- [Task item] Beginning with the line that contains "Käytetty pyöränkuljetuslaukku, jonne" in the material below, print each line exactly until the line that contains "Kalesijska firma Unis" has been printed, then stop.

- [Exercise inputs]
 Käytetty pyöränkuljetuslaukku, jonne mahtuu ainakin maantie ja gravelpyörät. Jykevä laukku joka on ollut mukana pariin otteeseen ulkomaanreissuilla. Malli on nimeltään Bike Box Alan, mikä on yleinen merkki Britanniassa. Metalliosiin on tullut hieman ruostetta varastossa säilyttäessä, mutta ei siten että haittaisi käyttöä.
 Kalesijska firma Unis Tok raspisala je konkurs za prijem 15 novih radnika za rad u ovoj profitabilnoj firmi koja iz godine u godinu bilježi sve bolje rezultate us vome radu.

* * *

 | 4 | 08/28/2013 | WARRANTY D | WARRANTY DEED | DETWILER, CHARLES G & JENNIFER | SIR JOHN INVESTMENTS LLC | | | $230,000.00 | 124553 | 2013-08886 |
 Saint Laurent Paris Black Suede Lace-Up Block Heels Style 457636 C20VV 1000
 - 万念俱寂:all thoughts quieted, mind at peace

- [Output for this task]
 Käytetty pyöränkuljetuslaukku, jonne mahtuu ainakin maantie ja gravelpyörät. Jykevä laukku joka on ollut mukana pariin otteeseen ulkomaanreissuilla. Malli on nimeltään Bike Box Alan, mikä on yleinen merkki Britanniassa. Metalliosiin on tullut hieman ruostetta varastossa säilyttäessä, mutta ei siten että haittaisi käyttöä.
 Kalesijska firma Unis Tok raspisala je konkurs za prijem 15 novih radnika za rad u ovoj profitabilnoj firmi koja iz godine u godinu bilježi sve bolje rezultate us vome radu.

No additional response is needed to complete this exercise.